Comments on NIST Special Publication 1800-35B, ‘Implementing a Zero Trust Architecture’ Volume B

Blog Article Published: 09/21/2022

Originally published by Gigamon here.

Written by Ian Farquhar and Orlie Yaniv, Gigamon.

Editor’s note: As a supplier of network software and hardware to multiple U.S. government agencies, Gigamon reviews and comments on many draft standards and documents issued by government agencies. This has accelerated as Zero Trust became a key focus, not only within the U.S. federal government but also for other governments worldwide, enterprises, and even service providers. It’s safe to say that Zero Trust is a major driving force in security architecture.

To this end, Gigamon has decided to publish our feedback on these government documents here on this blog. The purpose of this is twofold:

  • To explain our strategic thinking around this major shift in the way we architect our INFOSEC infrastructure
  • To elicit comments and feedback from security architects, with the aim of enhancing the practicality and deployability of Zero Trust architectures (ZTAs)

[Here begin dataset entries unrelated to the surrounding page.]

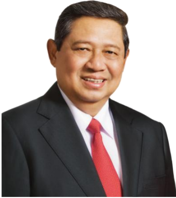
Susilo Bambang Yudhoyono The 6th President of the Republic of Indonesia
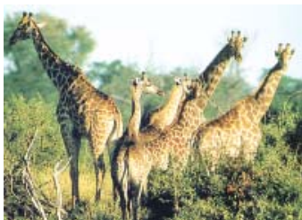
Fig. 6.15: Giraffes
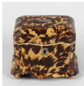
A good early 19th century blonde tortoiseshell tea caddy of small proportions. The canted serpentine-front hinged cover with pewter stringing and a central cartouche, enclosing a single lidded compartment, the conforming body with concave escutcheon over flared apron on bun feet, 5" x 3.5" x 4" high, (12.5cm x 9cm x 10cm). £400-600 (plus 27.6% BP*)
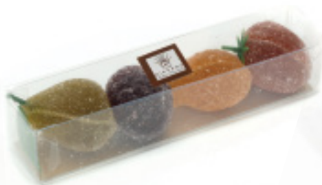
4-piece Pâtes de Fruit in cello box; 2.8 oz., 12/case 310

While NIST SP 800-207 has given us an excellent definition of what Zero Trust architecture is, and both CISA and DISA have significantly augmented these, there are so many ways this can be achieved, and those discussions are worthwhile and mutually beneficial. Please feel free to do so by emailing Ian (ian dot farquhar at gigamon.com) and Orlie (orlie dot yaniv at gigamon.com) or by participating in the Gigamon Community’s Public Sector group.

You can download the original draft document from NIST here.

Lastly, we welcome your feedback on whether these comments are beneficial. Our aim is to publish here moving forward when the response seems beneficial.

Gigamon appreciates the opportunity to comment on NIST Special Publication 1800-35B, “Implementing a Zero Trust Architecture” Volume B. We fully support the NCCOE’s progress in developing standards-based ZTA implementations and hope to participate in future builds as the NCCOE evolves to the “walk” and “run” phases.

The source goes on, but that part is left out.